Publicado em 11/02/2021 às 12h11.

Falta de patrocínio tira artistas e blocos afro do Carnaval em 2021

Na contramão do movimento, Claudia Leitte e Ivete Sangalo apresentam uma live no final de semana com que terá patrocínio da Audi, e apoio de outras 6 marcas

Bianca Andrade
Foto: Divulgação/ Assessoria KB Comunicação Criativa
Foto: Divulgação/ Assessoria KB Comunicação Criativa

 

“Como eu digo ao meu coração…” que neste ano o Ara Ketu não fará parte do Carnaval? Pela primeira vez em anos, o grupo, um dos mais tradicionais da história da Axé Music, não estará presente na folia momesca, que em 2021 acontece de forma diferenciada devido à pandemia do coronavírus, por falta de patrocínio.

O grupo se junta a outros grandes artistas negros da música baiana que foram ‘vetados’ do Carnaval neste ano, como Margareth Menezes, o bloco Ilê Ayiê, e a banda Olodum, que na última quarta-feira (10) anunciou o cancelamento da live que realizaria no final de semana pelo mesmo motivo.
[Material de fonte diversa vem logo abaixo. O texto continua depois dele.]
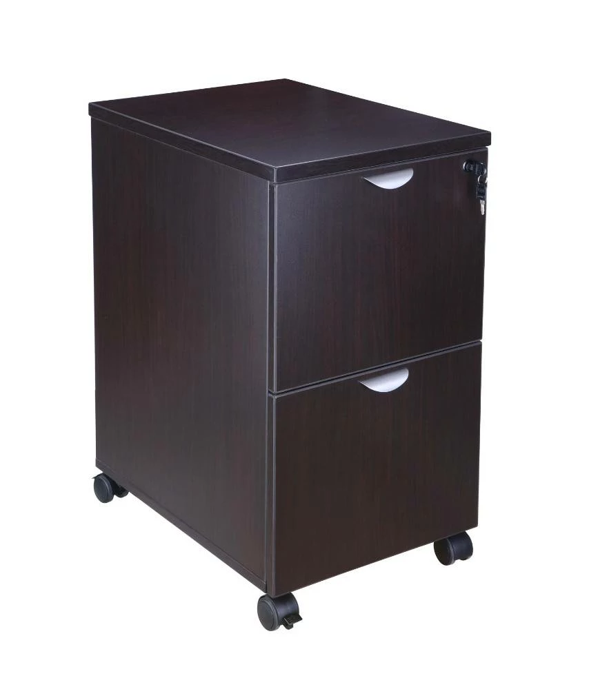 The mobile pedestal has two file drawer for extra filing space and portability. The Mocha laminate is attractive and compliments the groupings other pieces. It is not intended for use beneath a work surface.

Em entrevista ao bahia.ba, Dan Miranda, atual vocalista do grupo, lamentou a ausência na festa, mesmo que de forma virutal. O artista, que em março completa 1 ano longe dos palcos, afirmou não entender o motivo que faz o Ara e tantos outros artistas locais não receberem a atenção de patrocinadores.

“Vai fazer um ano que a gente fez o último show, e a live que nós fizemos foi com recursos próprios, só que o recurso que nós tínhamos, que foi do Carnaval do ano passado acabou. É meio complicado, os patrocínios a gente infelizmente não tem conseguido, a gente até tenta fazer alguma coisa, mas não rola. Enquanto temos alguns artistas que independente de qualquer coisa, faz a live com 16 patrocínios. Eu não sei qual é o motivo disso”, conta.

Na contramão da falta de patrocínio para artistas de bloco afro, no final de semana que aconteceria o Carnaval, cerca de 16 lives acontecem com patrocínios de grandes marcas como a de Claudia Leitte e Ivete Sangalo que terá patrocínio da Audi, da Engov e da Koleston, e apoio de outras 6 marcas. E a de Bell Marques, que conta com os patrocínios de SKOL, TargiforC, Tintas Iquine, Riachuelo, Pitú, ITS Brasil, Rappi, Banco PAN, Shopping da Bahia e Paramana.

“Vários outros artistas que estão muito em evidência hoje conseguem patrocínio, o pessoal fica correndo atrás para oferecer live, em compensação, bandas como o Ara Ketu, o Olodum, Margareth Menezes, não recebem essa atenção e se fossem fazer seria com recurso próprio”.

A única vez que o grupo ficou de fora do Carnaval em Salvador foi em 1992, quando a banda realizou a festa fora do país por falta de espaço para se apresentar na capital.

Para Dan, faltou atenção para o setor de eventos e entretenimento em geral durante a pandemia. O artista conta que em 2020 chegou a juntar um grupo de amigos para ajudar colegas da música que estavam passando por dificuldades, pela falta de auxílio que os profissionais desse setor tiveram ao longo dos meses.

“São milhões de profissionais diretos e indiretos que estão sem receber durante esse período. É uma coisa muito difícil de encarar, tenho visto alguns colegas passarem dificuldades, fizemos um mutirão para ajudar a arrecadar alguns salários mínimos para ajudar 20 famílias, só que chega uma hora que fica difícil para todo mundo”.